List it for a penny lower than the lowest price listed for your edition in your quality, and it'll sell pretty quickly. I've gotten rid of the most useless textbooks I can't imagine anyone wanting that way! (They also tend to go pretty quickly at garage sales. No idea why.)

Turning them into book safes is pretty fun, and I've actually seen a lot of those for sale on etsy. In college I spent an evening watching TV and turning a Russian textbook into an illicit poptart library smuggling device that served me well for four years. You might turn one or two that you're fond of into book safes and send the rest onwards.
posted by Eyebrows McGee at 9:38 AM on February 25 [2 favorites]

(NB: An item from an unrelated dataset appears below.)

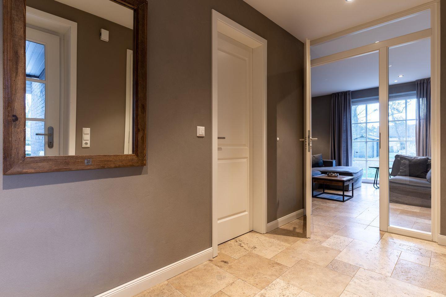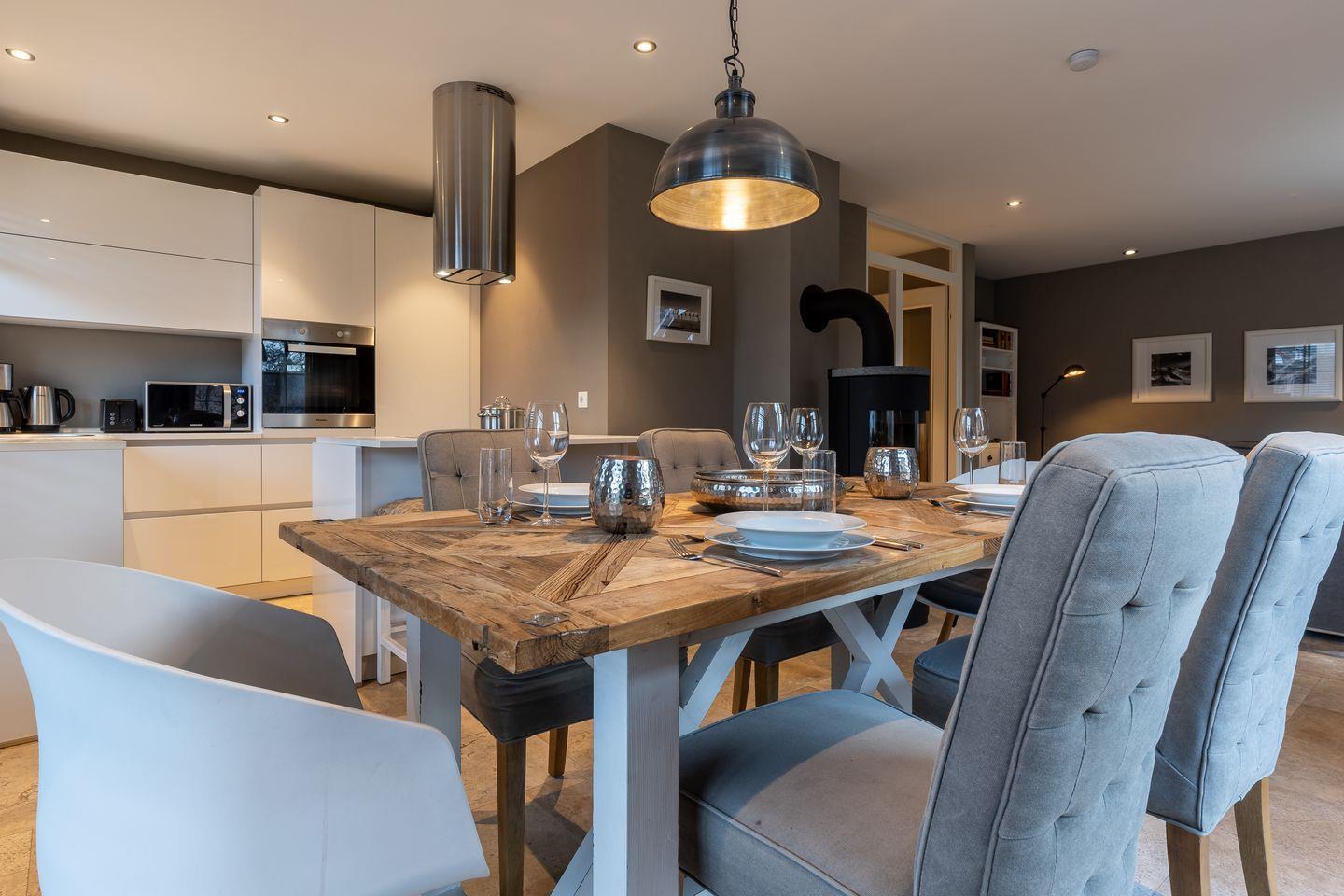 Die luxuriöse Haushälfte Dorfremise verfügt über ca. 120 m² Wohnfläche und bietet Platz für 6 Personen. Im Erdgeschoss befindet sich der lichtdurchflutete Wohnraum mit TV, Kamin, einer offener Küche sowie einem stilvollen Essbereich. Die Wohn- und Schlafräume sind mit exklusiven Möbeln von Riviera Maison ausgestattet. Die Küche verfügt über hochwertige Elektrogeräte. An den Wohnbereich schließen sich ein Flur mit eingebauter Garderobe, ein Hauswirtschaftsraum und ein mit edlem Sandstein gefliestes Duschbad an. Das Erdgeschoss verfügt über einen geschmackvollen Natursteinfußboden, der über eine Fußbodenheizung beheizt werden kann.

I've bought/swapped for some ancient books (not textbooks per se) via both Better World Books and PaperBackSwap. Nthing both those suggestions. If you have a local major rummage or white elephant fundraiser that includes a book tent, that is also a surprisingly effective way for books to go on to new readers.
posted by spamandkimchi at 9:44 AM on February 25 [1 favorite]


I vote for the recycle bin.
Old textbooks are old and out of date.
posted by Flood at 10:42 AM on February 25


Try BookScouter to see if you can get any money for them (I hope it works in Canada, I'm in the U.S.).
posted by jabes at 10:57 AM on February 25


Here's another one to add to lasamana's list of ideas: Invisible Bookshelf.
posted by hydrophonic at 11:30 AM on February 25


Last summer I used a bunch of old textbooks and tech books as firewood in my dad's outdoor fire pit. It made me feel like an antagonist in Fahrenheit 451. However, nobody will take these books besides Goodwill, and they don't really want them, either.
posted by BabeTheBlueOX at 11:33 AM on February 25


I had some older (but still classics in the field) engineering and physics texts that I was planning to get rid of and my manager set up a shelf in the office to house them as a sort of group library.
posted by doctord at 12:14 PM on February 25


Please do not donate them to Goodwill or any other thrift store that supports a charity. It ends up costing the charity money to get rid of them. Kinda undermining the whole "donating to support your cause" thing.